Training and evaluation of three models are performed where each fold is allowed to be a held-out test set.

For example:

Model1: Training on fold1 and fold2, Testing on fold3
Model2: Training on fold2 and fold3, Testing on fold1
Model3: Training on fold1 and fold3, Testing on fold2

After the evaluation process ends, the models are discarded as their purpose has been served. The skill scores are then collected for each model and summarized for use.

Cross Validation API

The k-fold cross-validation process needs not to be implemented manually.
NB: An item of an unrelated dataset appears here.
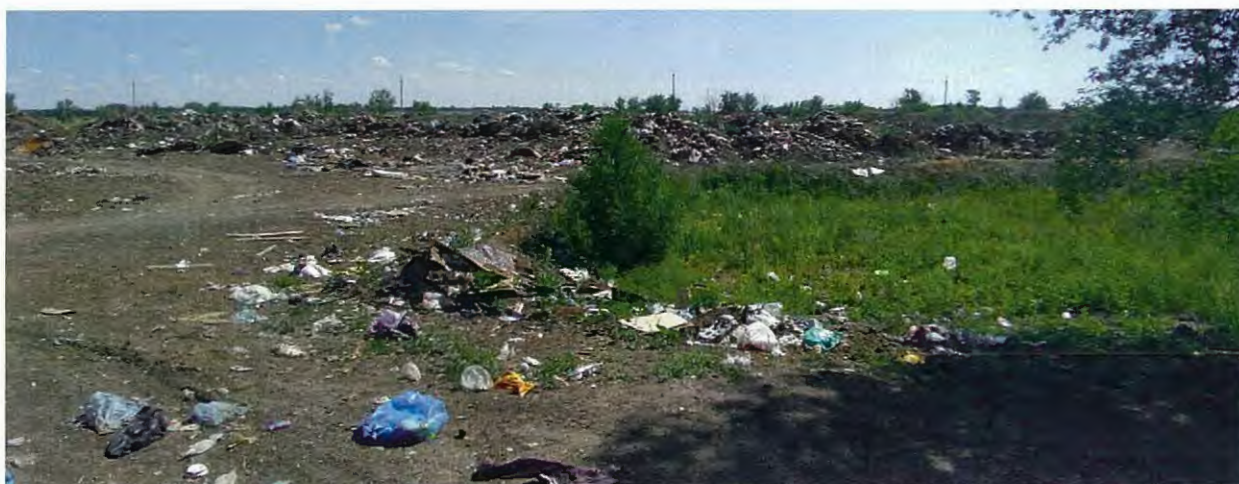
Рисунок 3 – Въезд на территорию свалки

Транспортная доступность объекта (наличие дорог с асфальтовым покрытием, близость трассы Оренбург-Илек), съезд с автомобильной дороги на свалку, при относительно близком расположении жилой застройки поселка Городище и фермерских хозяйств провоцирует население на несанкционированный привоз и размещение твердых бытовых и коммунальных отходов (рис. 3).

Implementation is provided by the scikit-learn library, which performs the splitting of the given data sample.

We can use the KFold() scikit-learn class. It takes the number of splits as the arguments without taking into consideration whether the sampling of the data is done or not.

An instance can be created that will perform the splitting of the dataset into three folds, performs shuffling of the data sample before the split. Then uses a value of 1 for the pseudorandom number generator.

kfold = KFold(3, True, 1)

We can call the split() function on the class where the data sample is provided as an argument. The split() function will return each group of train and test sets on repeated calls.

In particular, the arrays containing the indexes are returned into the original data sample of observations to be further used for train and test sets on each iteration.

For example, the splits of the indices for the data sample can be enumerated using the created KFold instance, as shown below in the following code:

All of this can be tied together with the small dataset mentioned above in the worked example.

When we run the above example, specific observations chosen for each train and test set are printed.

On the original data array, the indices are used directly to retrieve the observation values.

In the scikit-learn library, the k-fold cross validation implementation is provided as a component operation with broader methods such as scoring a given data sample model.

In scikit-learn, the k-fold cross-validation is provided as a component operation within more general practices, such as achieving a model on a dataset.

However, we can use the K-Fold class directly for splitting up the dataset before modeling such that all of the machine learning models will use the same splits of the data. This technique is mostly helpful when we are working with large datasets.

Using the same partitions of data across algorithms can have a lot of benefits for statistical tests.

You can clone this article related codes in our Github repo.

Conclusion

So far, we have learned that a cross-validation is a powerful tool and a strong preventive measure against model overfitting.

With cross validation, we can better use our data and the excellent know-how of our algorithm’s performance. Furthermore, we had a look at variations of cross-validation like LOOCV, stratified, k-fold, and so on.

In complicated machine learning models, sometimes it becomes a bit easy not paying attention and using the same sample data in different pipeline stages.

The consequence is that it may lead to good but not a real performance in most cases as strange side effects may be introduced.

Cross-validation can be of great use while dealing with the non-trivial challenges in the Data Science projects.